Une récente enquête menée auprès de 900 PDG à travers le monde met en lumière une préoccupation majeure : les dirigeants d'entreprise ressentent une pression croissante pour concrétiser les promesses de l'intelligence artificielle (IA).
Selon les résultats de l'étude, réalisée par l'entreprise spécialisée dans l'IA Dataiku et The Harris Poll, la majorité des PDG interrogés estiment que la survie de leur entreprise dépend directement du succès des outils d'IA déployés.
En effet, 72 % des PDG américains déclarent subir une pression accrue de la part de leurs conseils d'administration pour démontrer les résultats concrets et le retour sur investissement (ROI) des initiatives IA. Cette anxiété influence directement leur perception de leur propre avenir professionnel.
Parmi les enseignements clés de l'enquête :
- 80 % des PDG estiment que leur poste est en danger si l'IA échoue cette année.
- 81 % des PDG américains pensent qu'un autre dirigeant pourrait être évincé en raison d'une stratégie IA inefficace ou d'une crise liée à cette technologie.
- 65 % des PDG mondiaux craignent davantage de surinvestir dans l'IA que de rater le coche en matière d'innovation.
Malgré ces craintes, 87 % des PDG mondiaux considèrent que leur carrière est directement liée au succès de l'IA, y compris celui des agents autonomes. Pourtant, leur confiance dans ces outils reste limitée, notamment en raison des risques juridiques potentiels qu'ils pourraient engendrer.
Les avis divergent quant à l'impact de l'IA sur l'avenir du travail. Certains dirigeants, comme Jensen Huang (Nvidia), estiment que la majorité des emplois seront perdus au profit de personnes utilisant l'IA, plutôt que par l'IA elle-même. D'autres, comme Jack Dorsey (Block), espèrent que l'IA éliminera les postes de management intermédiaire. Une chose est sûre : des changements profonds sont à prévoir.
Les licenciements liés à l'IA se multiplient dans les grandes entreprises.
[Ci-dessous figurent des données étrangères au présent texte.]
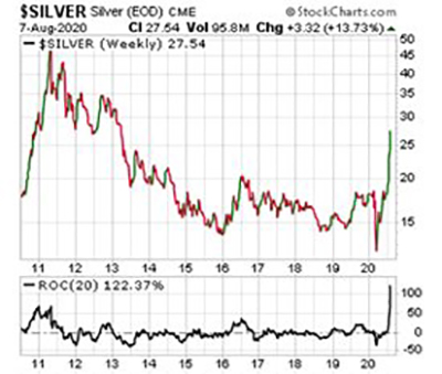 After years of being suppressed below $20/oz, then being forced down to an absurd new low during the lockdown, extreme pressures built. Finally, silver erupted like a geyser.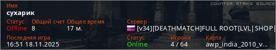 Играет на Counter Strike Source сервере. Страна: РоссияПервый раз замечен 19:32 27.11.2023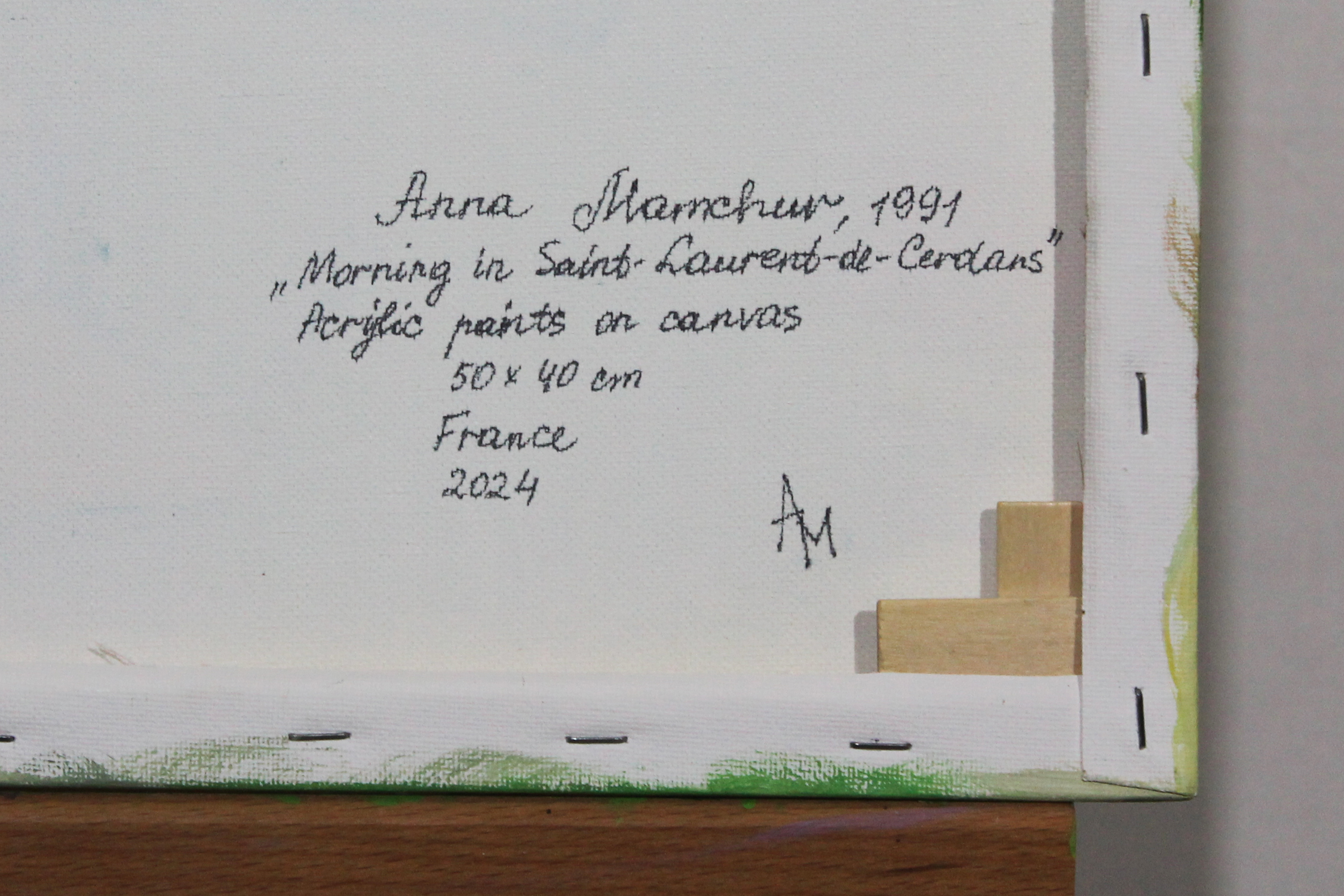 У цій роботі зображено ранковий стан села Сан-Лоран-де-Сердан, розташованого в гірській частині півдня Франції. Композиція побудована спокійно й врівноважено, без акценту на події, що дозволяє зосередитися на самому просторі та архітектурному ритмі місця.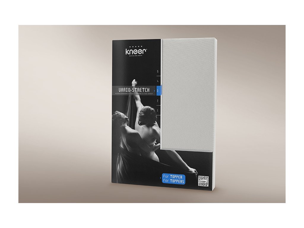 Tkanina prostěradla Vario Stretch od firmy Kneer o vysoké hmotnosti 190 g/m2 je navržena z bavlny Jersey 50% (měkká, elastická pletenina) 45% modalu (celulózové vlákno vyráběné převážně z bukového dřeva s vysokou přužností a pevností) a 5% elastanu, díky které prostěradlo krásně padne na topper až do výšky 12 cm. Prostěradlo je tvarově i barevně stálé i po mnohačetném praní. Podél celého obvodu je našita guma, díky které se prostěradlo pohodlně fixuje k podložce nebo topperu.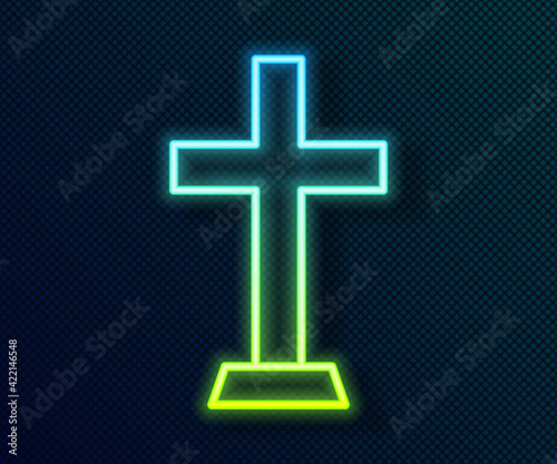 Fototapeta premium Glowing neon line Christian cross icon isolated on black background. Church...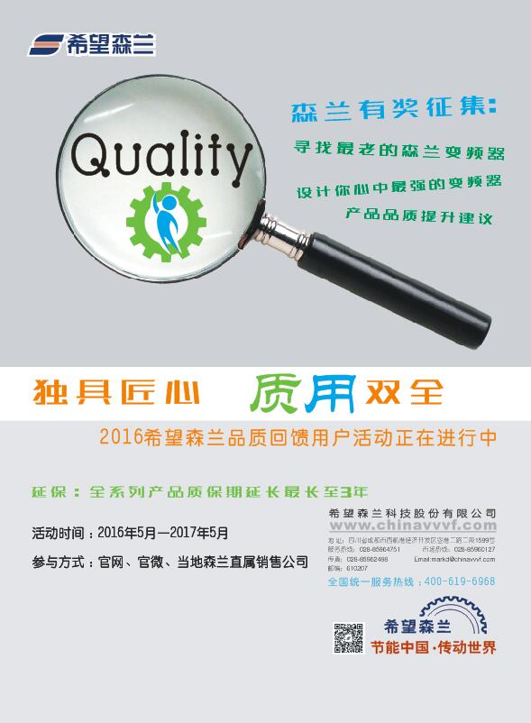 作為國內(nèi)變頻器行業(yè)領(lǐng)軍企業(yè)的希望森蘭科技股份有限公司(以下簡稱“希望森蘭”),在今年的5月份重磅推出了主題為“獨(dú)具匠心,質(zhì)用雙全”的品質(zhì)提升回饋活動,目前活動正在火熱進(jìn)行中。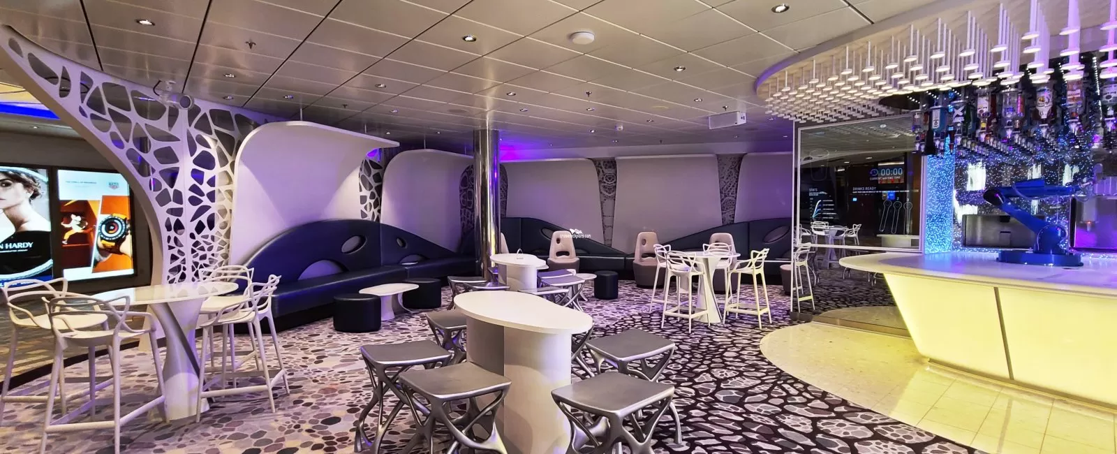 Oasis's Latin themed 90 seat lounge decorated in rich red and orange tones with comfortable leather armchairs, and served by its own bar with stools around it to sit on. With its own dance floor, guests can enjoy the Latin dance music played here each night, late into the night with a mojito or caipirinha. Guests can also take part in Salsa dance classes and champagne art auctions in Boleros during the day.Vitality at Sea Spa & Fitness Center

Meta a annoncé une réduction de 10 % de ses effectifs ce mois-ci, tandis que Brian Armstrong (Coinbase) a attribué une partie des 14 % de suppressions de postes de son entreprise à l'accélération de l'adoption de l'IA.
Par ailleurs, 35 % des PDG reconnaissent que l'éclatement d'une bulle spéculative autour de l'IA mettrait leur emploi en péril. Pour 78 % des PDG américains, la stratégie IA représente une priorité absolue, les dirigeants misant à la fois sur la performance technologique et l'évolution du marché.
Cette enquête révèle ainsi que les inquiétudes liées à l'IA ne concernent pas uniquement les employés, mais aussi les plus hauts niveaux de la hiérarchie des entreprises.